Original Saw Glossary and Terms Part 1
There are many terms tossed around the office and plant at Original Saw. As a woman in manufacturing, I had the distinct “advantage” of knowing nothing about machinery in general. Lots of times I will say to my fellow male co-workers, “Yeah. I don’t know what that means.” or “I have no clue what you’re talking about.” At this point they kindly (or not so kindly ;)) educate me on the basics. No question is a dumb question, right?
Below is a glossary of words commonly used at our company and in the industry. Today I will do my best to decode and decipher all these phrases and explain them to you.
Radial Arm Saw – A cutting machine that consists of a carriage moving along an arm. As the blade spins, it moves through the wood or metal that you are cutting. People joke that the radial arm saw is dead, but that’s not so. It’s used in many industries to crosscut, rip, bevel or miter cut. The versatile Radial Arm Saw is used in wood shops, packaging companies, commercial storefront manufacturers, sign manufacturing, industrial arts programs in schools and colleges, aircraft manufacturers, home improvement centers and many other businesses.

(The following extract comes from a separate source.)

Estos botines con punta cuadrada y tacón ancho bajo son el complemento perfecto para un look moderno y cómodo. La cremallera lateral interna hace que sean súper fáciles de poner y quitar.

Beam Saw – This is the biggest saw we make and can be used to cut through wood or metal. The carriage slides on tracks above the cutting area and the blade moves through the material you are cutting. Beam saws have more than a 5 1/2′ crosscut. They are commonly used in garage door manufacturing, commercial decking, crating companies and construction companies.
Cut Off Saw – Used for mainly wood and plastics, this saw makes straight cuts. It has a covered cutting area to provide extra safety. Cut Off Saws work best when paired with Roller or Flat Extension Tables to help support the material as it’s fed into and out of the saw. This saw is commonly seen in home improvement centers, lumber yards, packaging companies and cabinet shops.

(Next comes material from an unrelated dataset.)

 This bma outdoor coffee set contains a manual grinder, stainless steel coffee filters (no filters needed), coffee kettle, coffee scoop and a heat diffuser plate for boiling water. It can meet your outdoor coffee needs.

Miter Cut – An angle cut. Think picture frame. This cut is achieved by swiveling the arm of a Radial Arm Saw to the desired degree.

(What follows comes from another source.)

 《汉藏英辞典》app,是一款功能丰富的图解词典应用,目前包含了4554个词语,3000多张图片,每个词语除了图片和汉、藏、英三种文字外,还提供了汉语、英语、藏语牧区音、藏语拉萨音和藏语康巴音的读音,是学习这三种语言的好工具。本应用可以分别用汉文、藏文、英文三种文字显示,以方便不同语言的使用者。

Bevel Cut – An angle cut. Think mop boards. This cut is achieved by swiveling the motor of a Radial Arm Saw down to a bevel.
Voltage – Voltage is what makes electric charges move. It is the ‘push’ that causes charges to move in a wire or other electrical conductors. In the US common commercial voltages are 208, 230 and 460.
E-Stop – An emergency stop. It is a simple, highly visible button designed to shut down operations quickly. E-Stops are standard features on all Radial Arm Saws, Beam Saws and Cut Off Saws.